So, if I got you right, the files display correctly the first time but not after you select and unselect some lines in the raw view? Or you mean select and unselect the files themselves?

No, they MAY not display correctly the first time (first time select the file after restarted XYplorer), but the first time selecting results (correct or incorrect) of the same file are consistent. I made those results by following the steps in my previous reply:

4. All other selecting orders display correctly (at least the first screen)

I mean select/unselect the files themselves. 1 - 4 are test file names.

nf_xp · Post by **nf_xp** » 14 Aug 2009 16:28

I may write correct English but too slow. Always miss some replies.

nf_xp · Post by **nf_xp** » 16 Aug 2009 13:55

The biggest bug (selecting/deselecting changes the raw view) has been fixed!
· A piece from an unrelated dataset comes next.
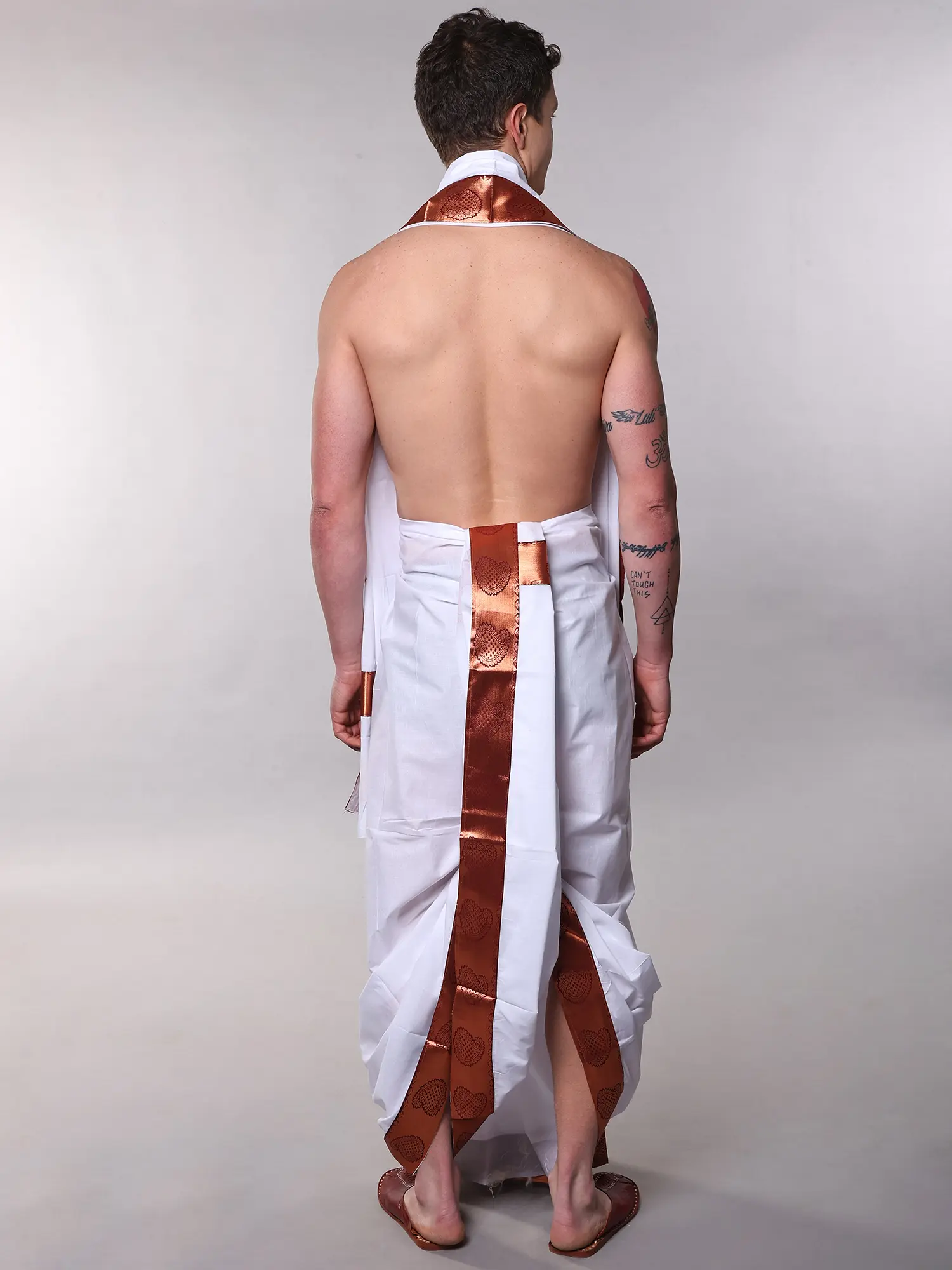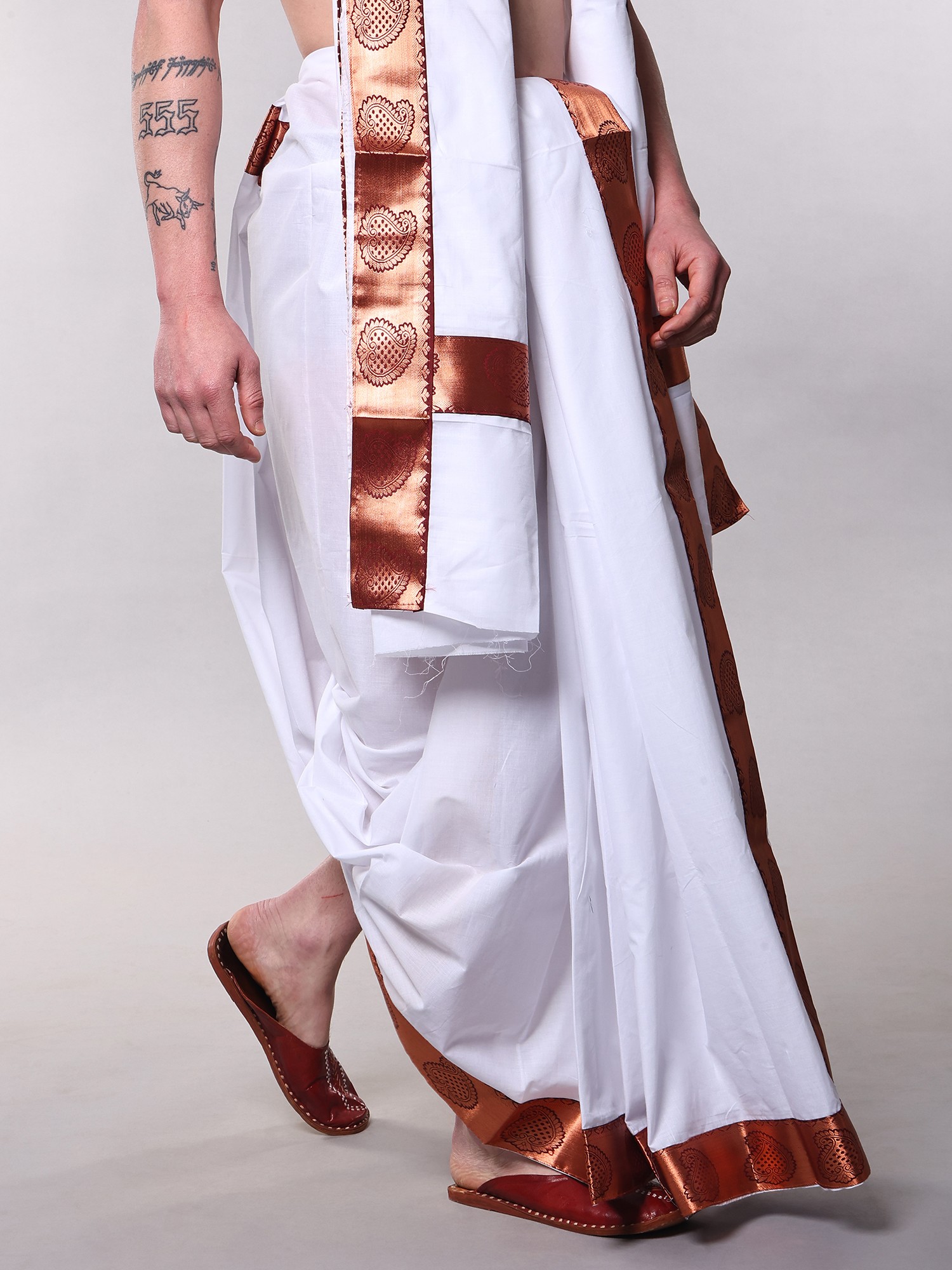 The brilliant white cotton provides a pristine canvas for the rich, copper-hued borders that adorn both the dhoti and the angavastram. These borders, featuring a detailed paisley pattern, create a striking visual contrast, exuding a quiet opulence. The generous dimensions ensure a flawless drape and comfortable fit, allowing you to move with ease and confidence.

But there are still few bugs:

: 2009-8-16 19-12-44.gif (18.25 KiB) Viewed 1950 times

Tested on v8.20.0007.

Post by **admin** » 16 Aug 2009 21:54

nf_xp wrote:The biggest bug (selecting/deselecting changes the raw view) has been fixed!
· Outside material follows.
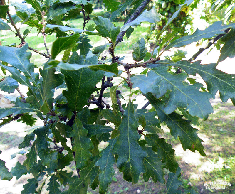 Długości 8-11 cm, szerokości około 5 cm. Podłużne, z wrębami, mają ogonki długości 2,5 cm, opadają na zimę. Na obu końcach równomiernie klinowato zwężone, po obu stronach z siedmioma - dziewięcioma niejednakowej wielkości klapami, rozdzielonymi przez ostro zbiegające zatoki. Blaszki liścia zwykle tylko do połowy wcięte. Klapy okrągławe lub delikatnie zaostrzone, z małym ząbkiem na szczycie. Często jednak całkiem tępe. Wierzchnia strona liścia jest ciemnozielona i błyszcząca (młode liście są szorstkie i lekko owłosione). Spodnia jaśniejsza i pokryta miękkim meszkiem, który utrzymuje się przez cały okres wegetacyjny.
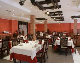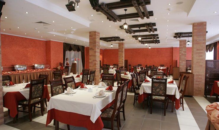 В комплексе питание гостей может быть организовано по системе «Шведский стол». Помимо основного ресторана в пансионате есть бар «Ротонда».

But there are still few bugs:
2009-8-16 19-12-44.gif
Tested on v8.20.0007.

Thanks for the feedback and the effort! But I have to stop here. Run out of ideas. Maybe, actually surely, inspiration will hit me later...

PeterH · Post by **PeterH** » 16 Aug 2009 22:18

Sorry: I don't understand the situation.

I'd expect, that for the character-part of the dump each (single) byte of the data is represented by it's character-value, if any.
That is: just replace any non-printable byte of original data by '.', and then print it (as single-byte data).
(OK - with some formatting for 16-byte-parts and such...)

That sounds so very easy?

Or do I understand something wrong?

nf_xp · Post by **nf_xp** » 18 Aug 2009 05:42

Screenshot of v8.20.0010:

: 2009-8-18 8-45-47.gif (8.96 KiB) Viewed 1897 times

Don, please don't give up, you can fix it

As I tested before, the only way to display extended ASCII chars correctly in wide char system is pass a 16bits char array to DrawText (DrawTextW actually), and the high 8bits of the ith 16bits char is filled with 0 and the low 8bits is copied from the ith byte of raw file data (with some printable char replacement of course).

For DrawTextA and Win9x compatible, no test environment so no best suggestion, but, I think you may add a 'No extended ASCII' option (in the right side with other raw view options) that replaces all extended ASCII chars with dots, just like the way you treat the unprintable chars. I think this option would make the wide char system users happy.

What do you think?

Post by **admin** » 18 Aug 2009 08:22

nf_xp wrote:Screenshot of v8.20.0010:
The attachment 2009-8-18 8-45-47.gif is no longer available
Don, please don't give up, you can fix it

As I tested before, the only way to display extended ASCII chars correctly in wide char system is pass a 16bits char array to DrawText (DrawTextW actually), and the high 8bits of the ith 16bits char is filled with 0 and the low 8bits is copied from the ith byte of raw file data (with some printable char replacement of course).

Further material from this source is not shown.